SOURCE DATA:

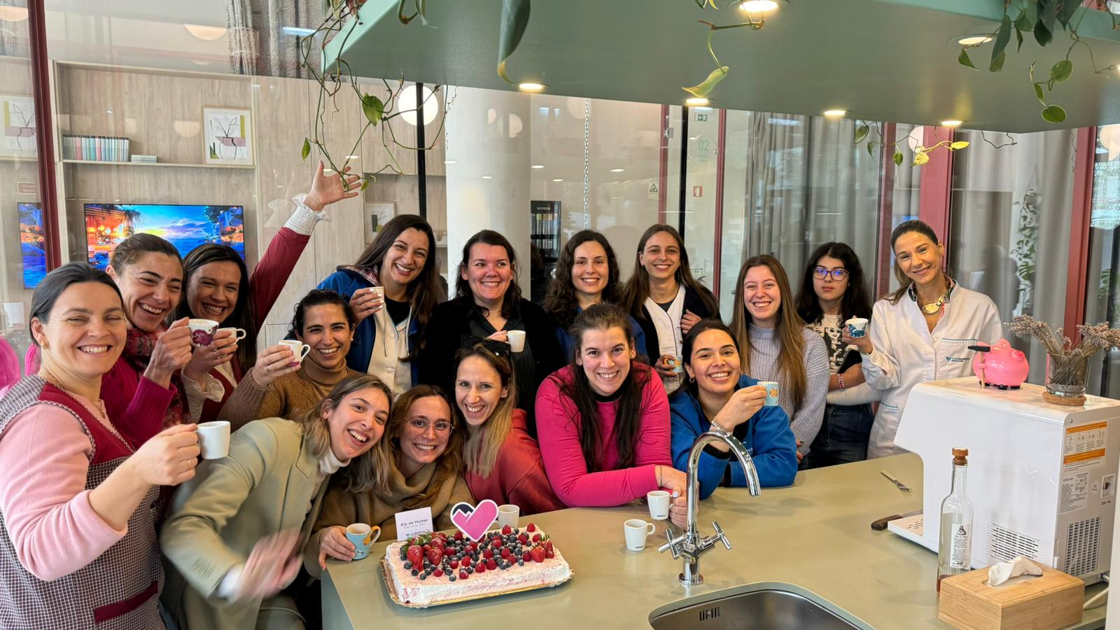 E o que trazia a Carla nas suas caixas? Não só uns bites deliciosos que oferecemos durante todo o dia às nossas clientes e que, enviamos, com carinho, para a equipa da Clínica, em Campo de Besteiros, e da –Residência São Domingos d’Algeraz. Mas também, um maravilhoso bolo Red Velvet para a equipa da Clínica em Viseu saborear, acompanhado de um brinde de ginj…cof…café!
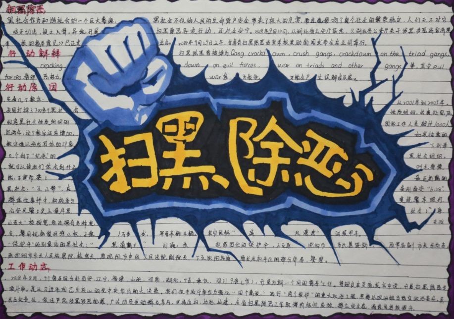 通过宣传,全县中小学生对扫黑除恶专项斗争有了更深刻的认知,一个个“宣传小能手”也随之诞生。同学们纷纷以“扫黑除恶,预防欺凌”为主题,精心绘制了718幅主题手抄报,一幅幅手抄报生动有趣,图文并茂,彰显了同学们向黑恶势力宣战的坚定决心。
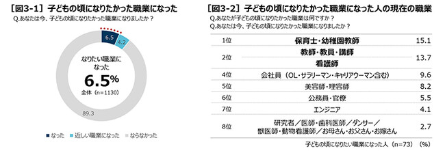 次に、いま現在、子どもの頃になりたかった職業になったかと聞くと、「なった」6.5%、「近しい職業になった」4.2%となり、ほぼ9割が「ならなかった」(89.3%)と答えています[図3-1]。なりたかった職業になったと答えた73人に現在の職業を聞くと、「保育士・幼稚園教師」(15.1%)、「教師・教員・講師」「看護師」(同率13.7%)、「会社員」(9.6%)、「美容師・理容師」(8.2%)の順となりました[図3-2]。少数ながらも、子どもの頃になりたかった職業を実現している大人たちがいます。
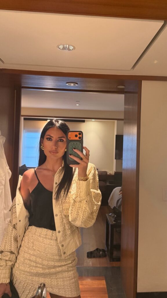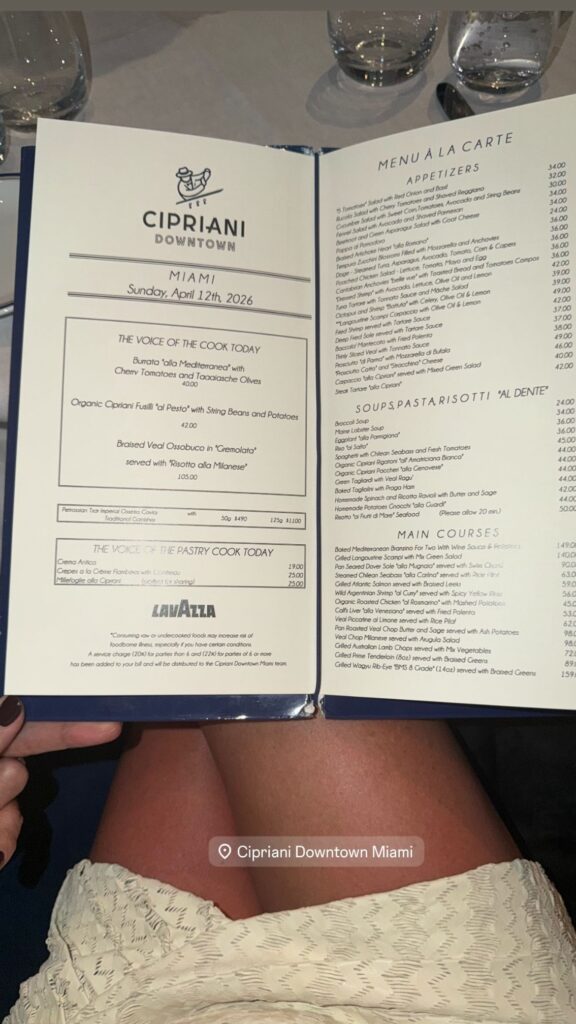 La serata si svolge in uno dei locali più conosciuti di Miami, il Cipriani Downtown. A tavola c’è un’atmosfera rilassata, fatta di complicità e sorrisi. Elisabetta si presenta con un completo bianco con mini, curato nei dettagli, perfettamente in linea con il contesto elegante della città.

YOUR ASSIGNMENT:
Copy the material shown above in full and exactly. Skip the pictures.

RESULT FOR THIS TASK:
 E o que trazia a Carla nas suas caixas? Não só uns bites deliciosos que oferecemos durante todo o dia às nossas clientes e que, enviamos, com carinho, para a equipa da Clínica, em Campo de Besteiros, e da –Residência São Domingos d’Algeraz. Mas também, um maravilhoso bolo Red Velvet para a equipa da Clínica em Viseu saborear, acompanhado de um brinde de ginj…cof…café!
 通过宣传,全县中小学生对扫黑除恶专项斗争有了更深刻的认知,一个个“宣传小能手”也随之诞生。同学们纷纷以“扫黑除恶,预防欺凌”为主题,精心绘制了718幅主题手抄报,一幅幅手抄报生动有趣,图文并茂,彰显了同学们向黑恶势力宣战的坚定决心。
 次に、いま現在、子どもの頃になりたかった職業になったかと聞くと、「なった」6.5%、「近しい職業になった」4.2%となり、ほぼ9割が「ならなかった」(89.3%)と答えています[図3-1]。なりたかった職業になったと答えた73人に現在の職業を聞くと、「保育士・幼稚園教師」(15.1%)、「教師・教員・講師」「看護師」(同率13.7%)、「会社員」(9.6%)、「美容師・理容師」(8.2%)の順となりました[図3-2]。少数ながらも、子どもの頃になりたかった職業を実現している大人たちがいます。
 La serata si svolge in uno dei locali più conosciuti di Miami, il Cipriani Downtown. A tavola c’è un’atmosfera rilassata, fatta di complicità e sorrisi. Elisabetta si presenta con un completo bianco con mini, curato nei dettagli, perfettamente in linea con il contesto elegante della città.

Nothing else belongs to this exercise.